Simulation 3: average running speed of different tracking methods under each test sequence: in order to verify the tracking timeliness of the algorithm, the invention adopts the frame second (FPS) running every second to measure the algorithm speed (the algorithm runs for 50 times, and the average obtained FPS is used as an evaluation index), and the FPS obtained by each algorithm in different test sequences is shown in the table 3. As can be seen from Table 3, the proposed algorithm speed is higher than Struck, BCAF and DFT, and inferior to MIT. However, as mentioned above, the tracking performance of the proposed algorithm in each test sequence is overall better than that of the comparison algorithm.

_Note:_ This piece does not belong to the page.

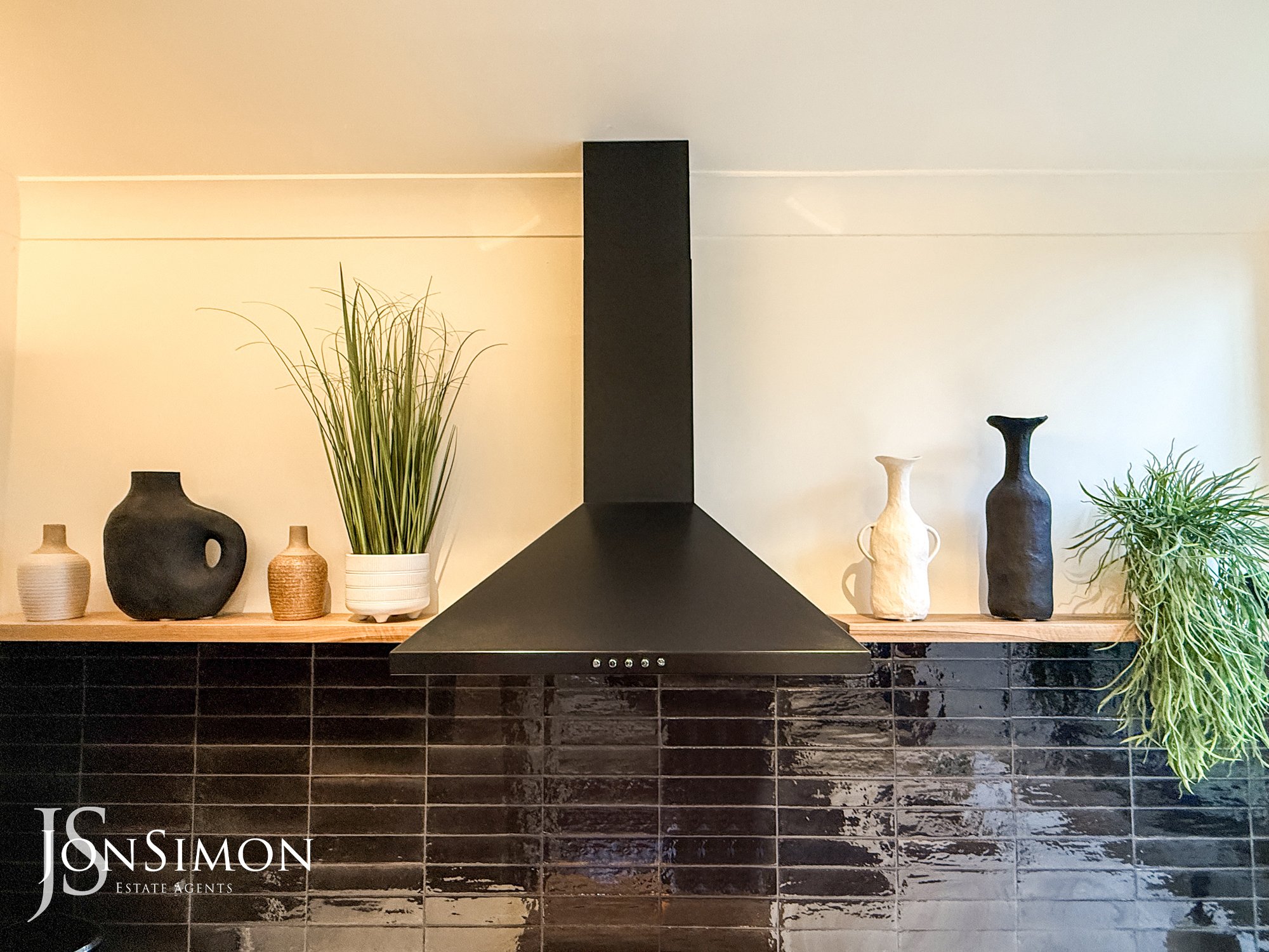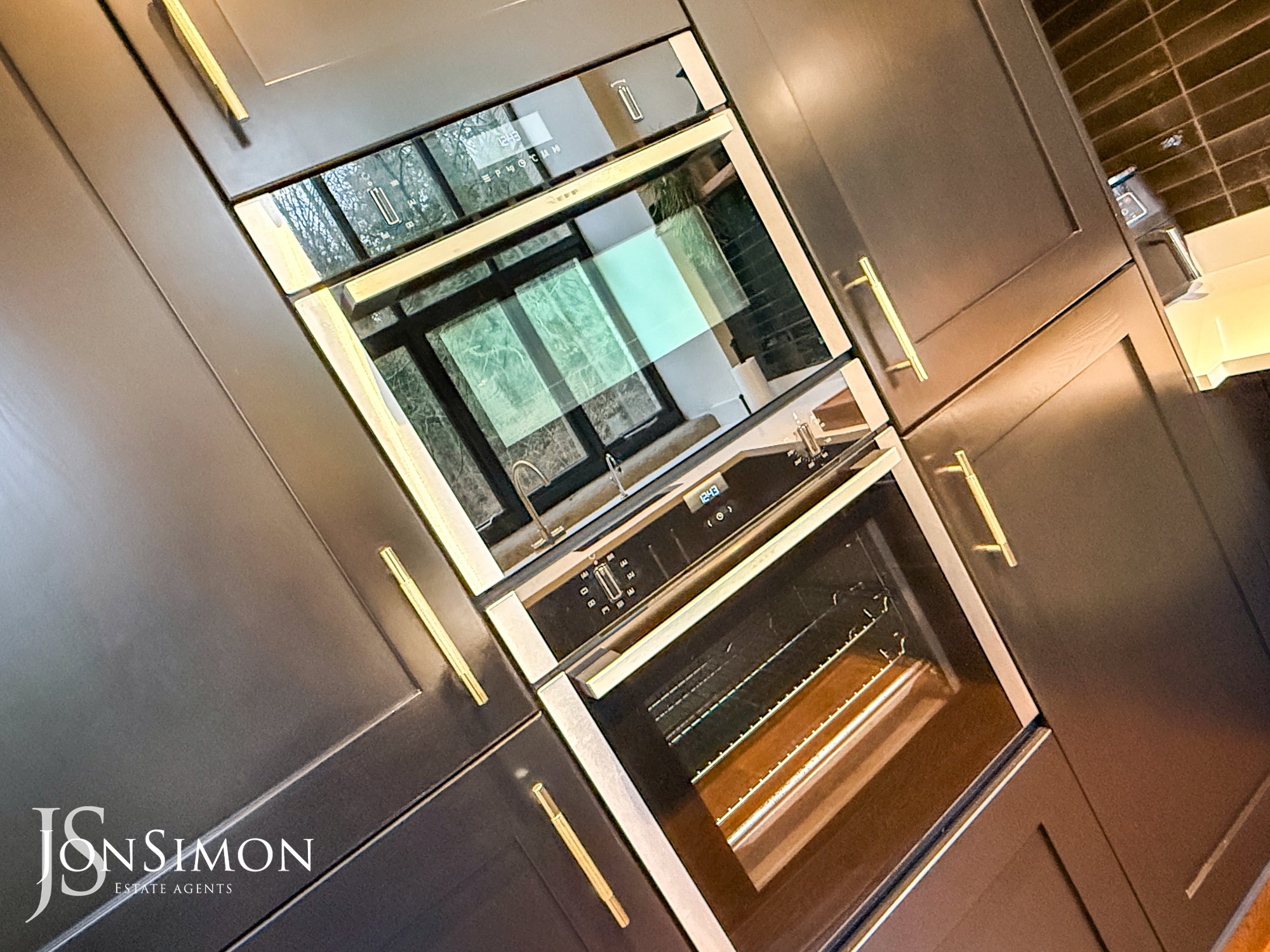 A contemporary fully fitted kitchen with a range of wall and base units with complementary worksurface, four ring gas hob with extractor unit above, integrated fridge, freezer, combi microwave and electric oven, single bowl sink unit with drainer with hot water tap again, engineered wood effect flooring, parts tiled walls, ceiling coving, ceiling spotlights and double glazed windows.

TABLE 3 average running speed (FPS) for different tracking methods under each test sequence

In summary, the present invention provides an automatic driving target visual tracking method based on particle filtering and depth distance metric learning. The method constructs a nonlinear depth distance measurement learning model based on a depth network; then constructing an observation model based on the obtained optimal candidate target prediction value; and finally, updating the target template based on a short-term and long-term stable updating combined updating strategy. Based on the OTB-100 data set, 6 test sequences containing factors such as occlusion and illumination change are selected, and the effectiveness of the method is verified by comparing the test sequences with four mainstream trackers such as BACF, MIL, Struck and DFT. As can be seen from qualitative analysis, the method has better representation in scenes of partial shielding, illumination change, and the like; based on quantitative analysis, compared with a comparison algorithm, under most test scenes, the average central error of the algorithm is lower, the average overlapping rate is higher, and the overall tracking performance of the method is better. Therefore, the algorithm provided by the invention can provide a solid theoretical and engineering realization basis for automatic driving target visual tracking in a complex driving scene.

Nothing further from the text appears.